As for people who think violent games make violent kids, well, that's the sort of blissninny nonsense that gungrabbers spout. Is it any coincidence that Nanny Nazis like Lieberman are against both interesting games and firearms rights? I don't think so. (And for the record, games like Grand Theft Auto are not for kids, so the arguements against kids playing them are retarded.) Lazy parents are the problem there. GTAIII, GTA:VC and GTA:SA are in my house, yet my kids are not allowed to play them. And anyway, I grew up playing cops 'n' robbers, cowboys 'n' indians, and spy games. Yet I somehow managed to avoid being a sociopathic killer.

bigun15
July 5, 2005, 04:16 AM
I beg to differ, Smokey Joe. I'm 15 (kid) and I'm sure I stand with many teenagers on this issue.

(rant) While I'm at it, I believe that the video games that have kids thinking that kicking and stomping on their adversaries in the name of entertainment coarsen their attitude toward violence to other human beings.

I kick and stomp on my friends, and they do me, and have been for years. Never wanted to seriously kill someone, EVER. Actually, I would say that sometimes the gun games can be a good, (comparatively) non-violent release for anger/depression/etc., rather than taking a real gun and shooting at someone.

And the kids get the idea that in the real world all they have to do is press "reset" or some such button, and the broken bones and mangled flesh suddenly goes away and everything gets nice and clean again, and let's get on with the fighting.

I don't know much more to say to that than it's just flat out not true. A virtual bullet at a virtual character is harmless, but a real bullet (or heck even a pellet from a pellet gun) can really mess somebody up. We know life from games, and I believe most of us do. There is no reset in real life, you don't put in another quarter or two and try again. Real life is real life and we know it.

What I'm trying to get at is, they don't always lead to killers. Sure, there are probably some bad apples out there who learn their accuracy from a video game, and treat a video game like an educational lesson, but the vast majority of us know the difference and aren't so stupid as to think that shooting real people is ok.

Khaotic
July 5, 2005, 05:43 AM
heh, you forgot Resident Evil: Dead Aim.

The game is very short, but extremely good - Time crisis is also a nice one.
My issue with the light guns is that they don't stand up really well to a lot of use, i've killed about four of them now.
(Guncon II is especially flimsy)

Side note on arcades/area-51 and ganger types.
I love walking up behind them and kindly whispering...
"You do know, if you did that for real - where the spent casings will go?"
That stunned look of realization is hilarious.

-K

psyopspec
July 5, 2005, 08:57 PM
(rant) While I'm at it, I believe that the video games that have kids thinking that kicking and stomping on their adversaries in the name of entertainment coarsen their attitude toward violence to other human beings.

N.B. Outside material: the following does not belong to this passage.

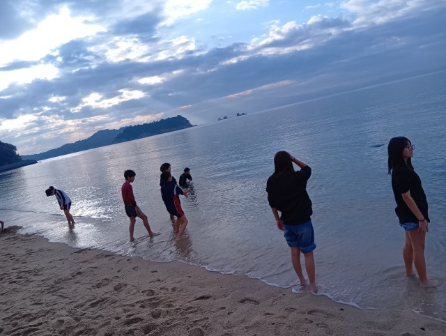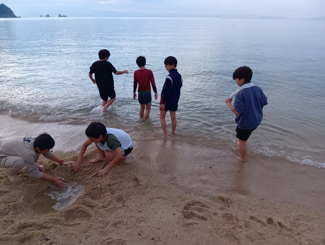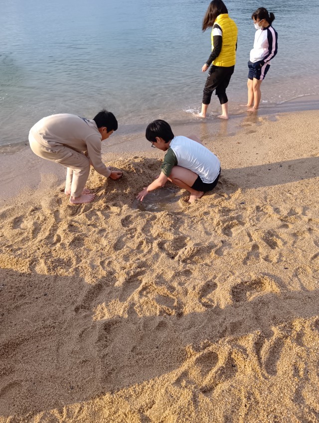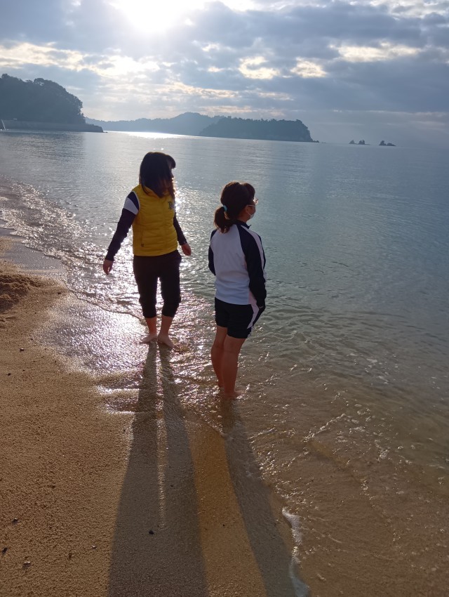 いいお天気で暖かく、大半の人は、足だけ海に入ったようです。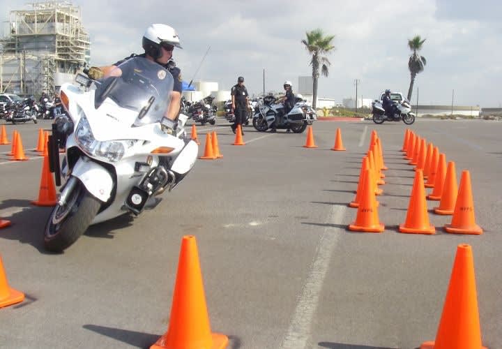An officer takes a sharp turn while running through a cone pattern. Judges marked off points for hitting a cone, putting a foot down or dropping the bike. Two judges stood on either side to watch for infractions.

So what do you reckon was in Hitler's Playstation or Saddam's Gameboy?

JMPeters
July 5, 2005, 09:05 PM
While I see your point Smokey, I am inclined to go with Bigun on this one. I grew up playing all sorts of games that today no one my age would have been allowed to play. I also played outside. My buddies would play Mortal Kombat then go and (safely) practice moves on eachother, building our CQC skills. I actually credit my playing Video Games to my interest in both Martial Arts and Firearms. And on the note that VG's stifle creativity I am also gonna have to disagree. The best games actually make you think creativly to coordinate strategy to beat them. I currently work for a radio station doing sales and production, I doubt I would be half as good at my job had I not had the supplemental creative outlet of video games (I also write and do Comp. Graph)

Just my 2

That being said I thank you all for posting and greatly appreciate the feedback :D

jlwatts3
July 5, 2005, 09:06 PM
My all time favorite is Wing shooting championship. They have it at my local bar. A pitcher of Anchor Steam and a pocket full of quarters and I am set for the night. At least if I can get my girlfriend to leave me alone. :D

http://cgi.ebay.com/ws/eBayISAPI.dll?ViewItem&item=6178337506&category=13716#ebayphotohosting

thereisnospoon
July 5, 2005, 09:16 PM
I heard a gentleman recently on a morning talk radio show who is currently involved in litigation with Sony and Wal-Mart over the video game Grand Theft Auto III.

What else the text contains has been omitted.